Give each line of the records again exactly and omit every picture.

-- -- --

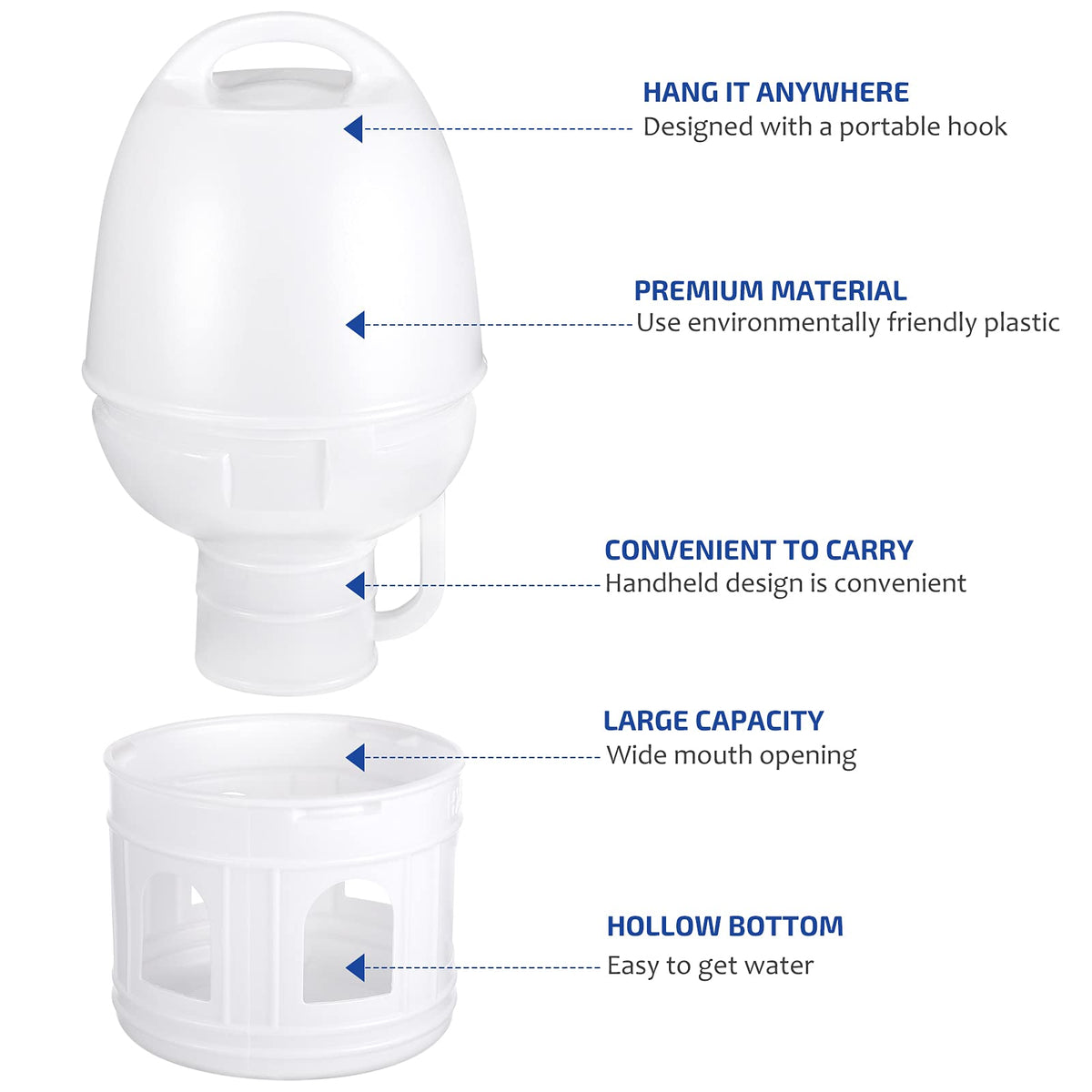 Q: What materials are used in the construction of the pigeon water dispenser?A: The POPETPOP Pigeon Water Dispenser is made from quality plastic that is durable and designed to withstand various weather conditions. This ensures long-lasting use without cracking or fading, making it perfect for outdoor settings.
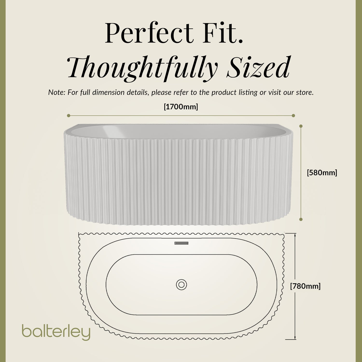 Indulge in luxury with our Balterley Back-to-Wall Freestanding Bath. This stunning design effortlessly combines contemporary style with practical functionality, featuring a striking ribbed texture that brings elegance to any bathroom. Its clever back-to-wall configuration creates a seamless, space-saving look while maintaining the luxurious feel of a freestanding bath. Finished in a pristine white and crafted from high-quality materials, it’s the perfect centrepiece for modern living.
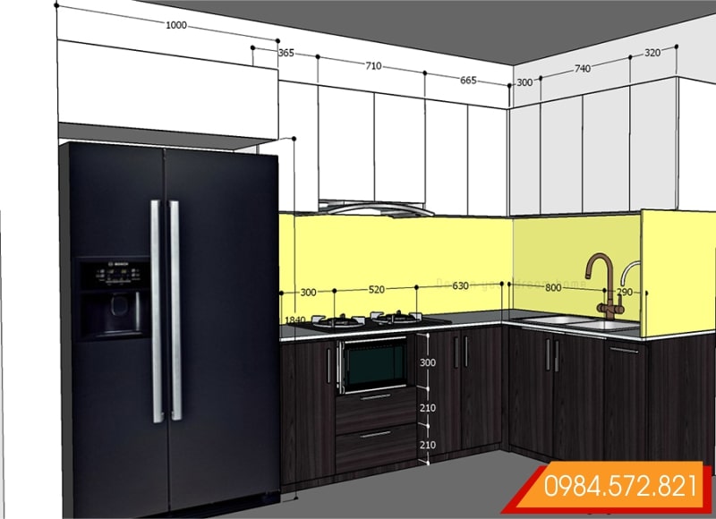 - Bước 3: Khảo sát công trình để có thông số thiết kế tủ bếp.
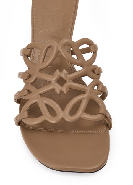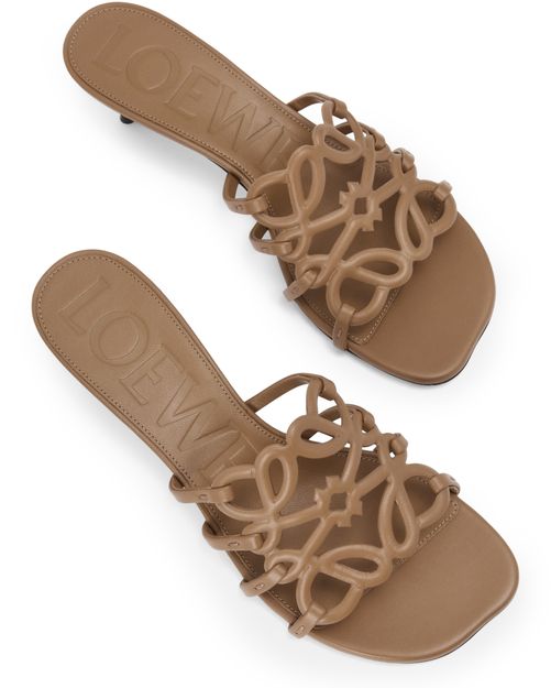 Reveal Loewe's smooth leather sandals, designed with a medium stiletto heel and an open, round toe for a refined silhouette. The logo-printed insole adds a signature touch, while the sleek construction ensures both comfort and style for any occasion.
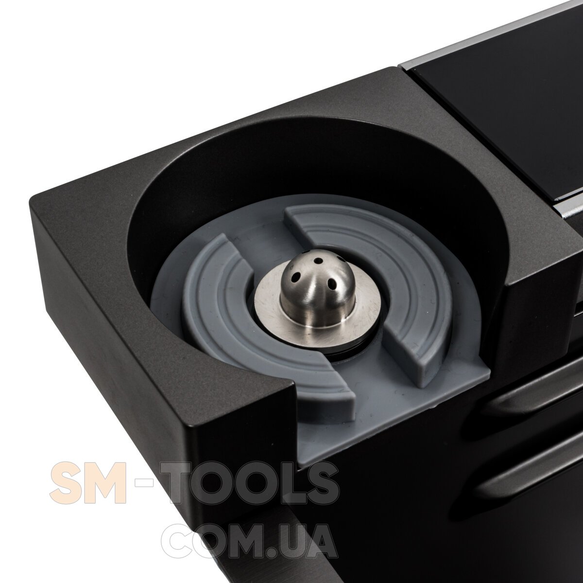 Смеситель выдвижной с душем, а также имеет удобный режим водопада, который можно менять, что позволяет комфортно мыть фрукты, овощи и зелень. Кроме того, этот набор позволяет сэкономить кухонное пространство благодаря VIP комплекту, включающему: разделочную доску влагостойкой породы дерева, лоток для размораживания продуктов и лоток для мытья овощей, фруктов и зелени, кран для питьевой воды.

-- -- --

→ Response to the task:
 Q: What materials are used in the construction of the pigeon water dispenser?A: The POPETPOP Pigeon Water Dispenser is made from quality plastic that is durable and designed to withstand various weather conditions. This ensures long-lasting use without cracking or fading, making it perfect for outdoor settings.
 Indulge in luxury with our Balterley Back-to-Wall Freestanding Bath. This stunning design effortlessly combines contemporary style with practical functionality, featuring a striking ribbed texture that brings elegance to any bathroom. Its clever back-to-wall configuration creates a seamless, space-saving look while maintaining the luxurious feel of a freestanding bath. Finished in a pristine white and crafted from high-quality materials, it’s the perfect centrepiece for modern living.
 - Bước 3: Khảo sát công trình để có thông số thiết kế tủ bếp.
 Reveal Loewe's smooth leather sandals, designed with a medium stiletto heel and an open, round toe for a refined silhouette. The logo-printed insole adds a signature touch, while the sleek construction ensures both comfort and style for any occasion.
 Смеситель выдвижной с душем, а также имеет удобный режим водопада, который можно менять, что позволяет комфортно мыть фрукты, овощи и зелень. Кроме того, этот набор позволяет сэкономить кухонное пространство благодаря VIP комплекту, включающему: разделочную доску влагостойкой породы дерева, лоток для размораживания продуктов и лоток для мытья овощей, фруктов и зелени, кран для питьевой воды.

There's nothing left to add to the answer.